**WORK ITEM**
With the pictures left out, copy the listing below exactly.

**INFORMATION PROVIDED**
* * *

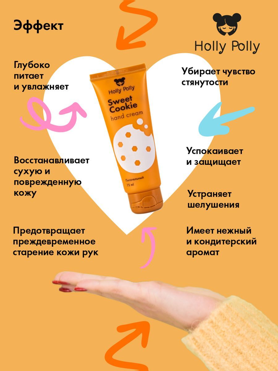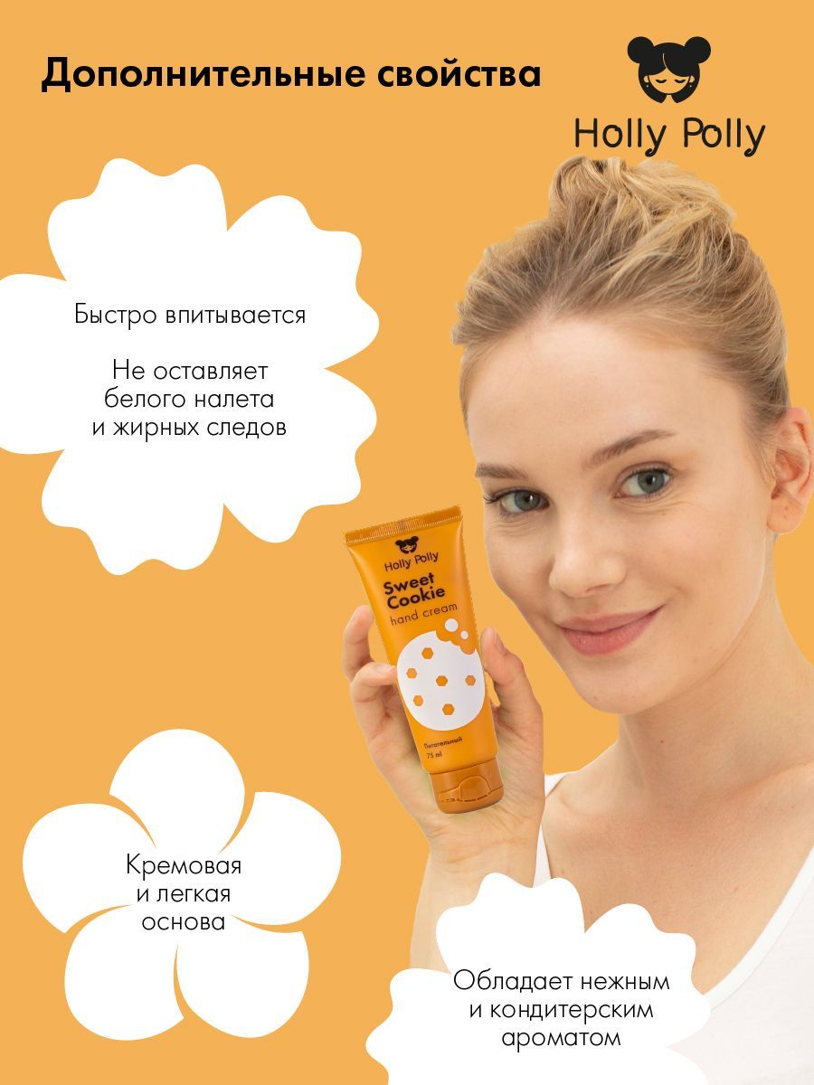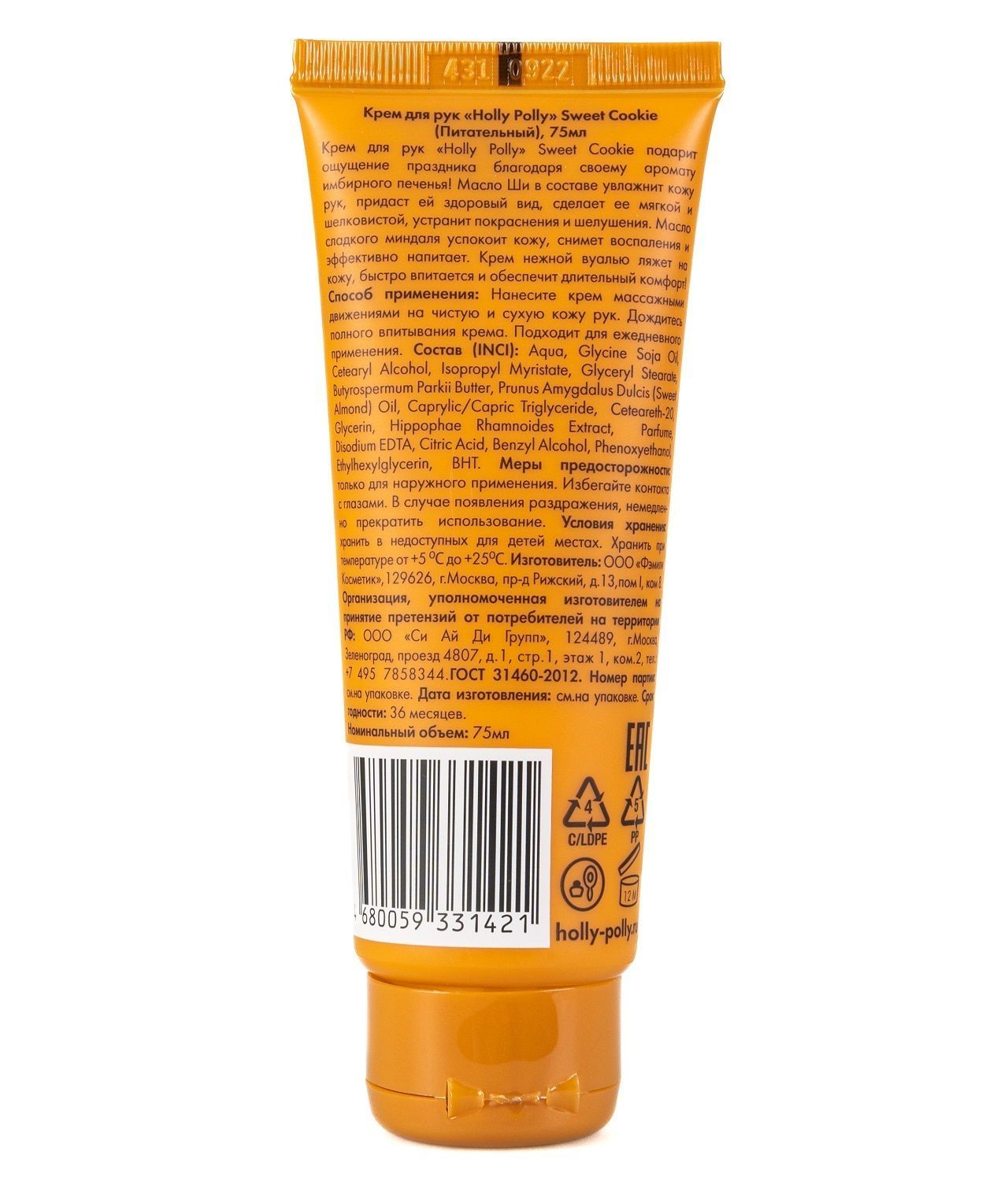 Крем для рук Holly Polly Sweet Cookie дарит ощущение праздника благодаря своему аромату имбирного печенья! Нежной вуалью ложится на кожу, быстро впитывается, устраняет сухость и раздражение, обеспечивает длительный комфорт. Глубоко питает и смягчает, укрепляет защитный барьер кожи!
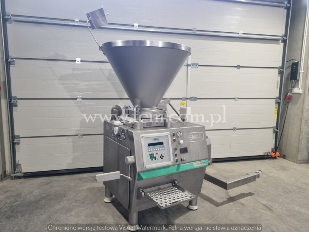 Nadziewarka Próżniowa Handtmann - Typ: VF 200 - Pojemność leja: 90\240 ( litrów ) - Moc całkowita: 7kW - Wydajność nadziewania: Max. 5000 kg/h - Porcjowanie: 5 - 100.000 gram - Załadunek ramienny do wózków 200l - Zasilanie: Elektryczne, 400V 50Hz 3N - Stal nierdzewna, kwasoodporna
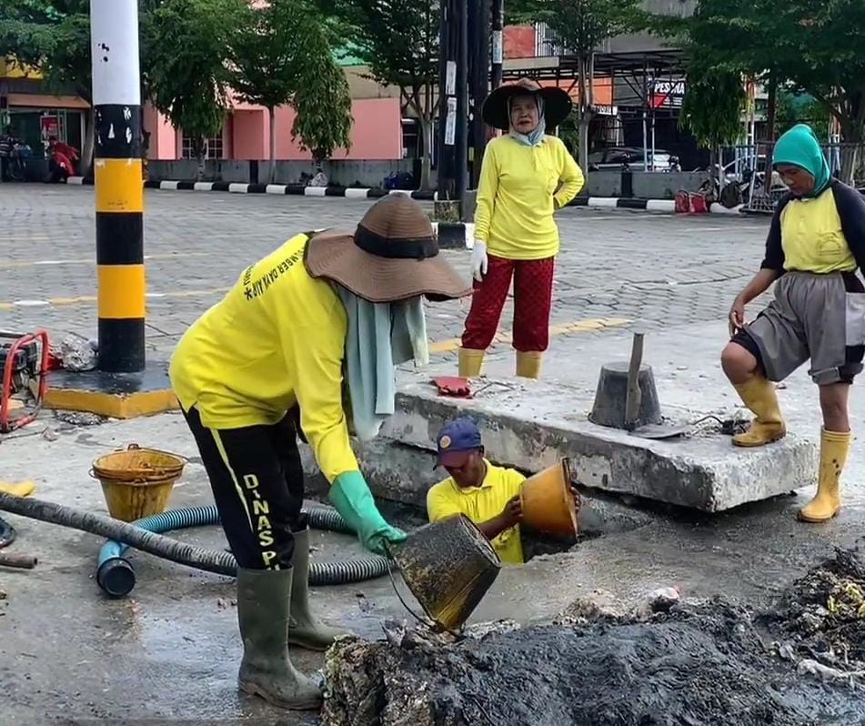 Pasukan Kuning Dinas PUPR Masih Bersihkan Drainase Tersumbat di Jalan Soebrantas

* * *

**ANSWER TO THIS EXERCISE**
 Крем для рук Holly Polly Sweet Cookie дарит ощущение праздника благодаря своему аромату имбирного печенья! Нежной вуалью ложится на кожу, быстро впитывается, устраняет сухость и раздражение, обеспечивает длительный комфорт. Глубоко питает и смягчает, укрепляет защитный барьер кожи!
 Nadziewarka Próżniowa Handtmann - Typ: VF 200 - Pojemność leja: 90\240 ( litrów ) - Moc całkowita: 7kW - Wydajność nadziewania: Max. 5000 kg/h - Porcjowanie: 5 - 100.000 gram - Załadunek ramienny do wózków 200l - Zasilanie: Elektryczne, 400V 50Hz 3N - Stal nierdzewna, kwasoodporna
 Pasukan Kuning Dinas PUPR Masih Bersihkan Drainase Tersumbat di Jalan Soebrantas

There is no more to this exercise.